How to Minimize Risk of Alzheimer’s and Dementia

brain-1787622_640Alzheimer’s disease is the sixth-leading cause of death in the United States and the only cause of death among the top 10 in the United States that cannot be prevented, cured or slowed.

The Alzheimer’s Association is involved in many studies exploring the influence of exercise, diet, social and mental stimulation, and other factors in the development of Alzheimer’s.

Improving risk factors like high blood pressure and lack of exercise are important steps to take. Here are other helpful facts published by The Alzheimer’s Association:

Several conditions known to increase the risk of cardiovascular disease — such as high blood pressure, diabetes and high cholesterol — also increase the risk of developing Alzheimer’s. In fact, some autopsy studies show that as many as 80 percent of individuals with Alzheimer’s disease also have cardiovascular disease.
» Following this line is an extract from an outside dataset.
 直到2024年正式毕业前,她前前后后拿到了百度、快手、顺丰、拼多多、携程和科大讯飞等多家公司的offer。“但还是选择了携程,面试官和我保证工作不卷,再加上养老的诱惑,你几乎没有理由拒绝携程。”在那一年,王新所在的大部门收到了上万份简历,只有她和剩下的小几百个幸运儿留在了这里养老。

Regular physical exercise may also be a beneficial strategy to lower the risk of Alzheimer’s and vascular dementia. Exercise may directly benefit brain cells by increasing blood and oxygen flow in the brain.
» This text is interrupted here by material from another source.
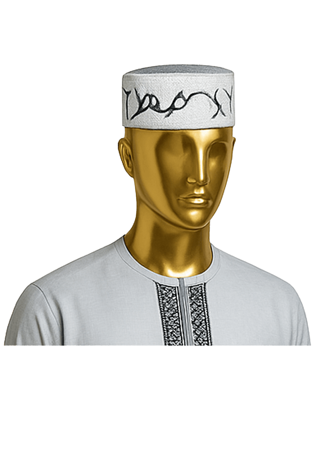 Complete your traditional ensemble with this pristine white Kufi cap featuring bold abstract embroidery detailing. This contemporary accessory brings modern artistic flair to classic Nigerian headwear, perfect for the gentleman who appreciates clean aesthetics with distinctive character. This beautifully crafted cap showcases crisp white fabric with striking black abstract line embroidery running around the band, creating an artistic, free-flowing pattern that adds visual interest without overwhelming. The traditional Kufi construction maintains its structured cylindrical shape while providing comfortable wear throughout the day. The minimalist white base with contrasting black threadwork offers versatile styling options that complement virtually any traditional outfit, from vibrant Ankara to sophisticated solid tones. Ideal for religious ceremonies, weddings, cultural celebrations, and formal gatherings. One size fits most with custom sizing available upon request.

Evidence suggests that heart-healthy eating may also help protect the brain. Heart-healthy eating includes limiting the intake of sugar and saturated fats and eating plenty of fruits, vegetables, and whole grains.

No one diet is best, but two that have been studied and may be beneficial are the DASH (Dietary Approaches to Stop Hypertension) diet and the Mediterranean diet.

The DASH diet emphasizes vegetables, fruits and fat-free or low-fat dairy products; includes whole grains, fish, poultry, beans, seeds, nuts, and vegetable oils; and limits sodium, sweets, sugary beverages, and red meats.

A Mediterranean diet includes relatively little red meat and emphasizes whole grains, fruits and vegetables, fish and shellfish, and nuts, olive oil and other healthy fats.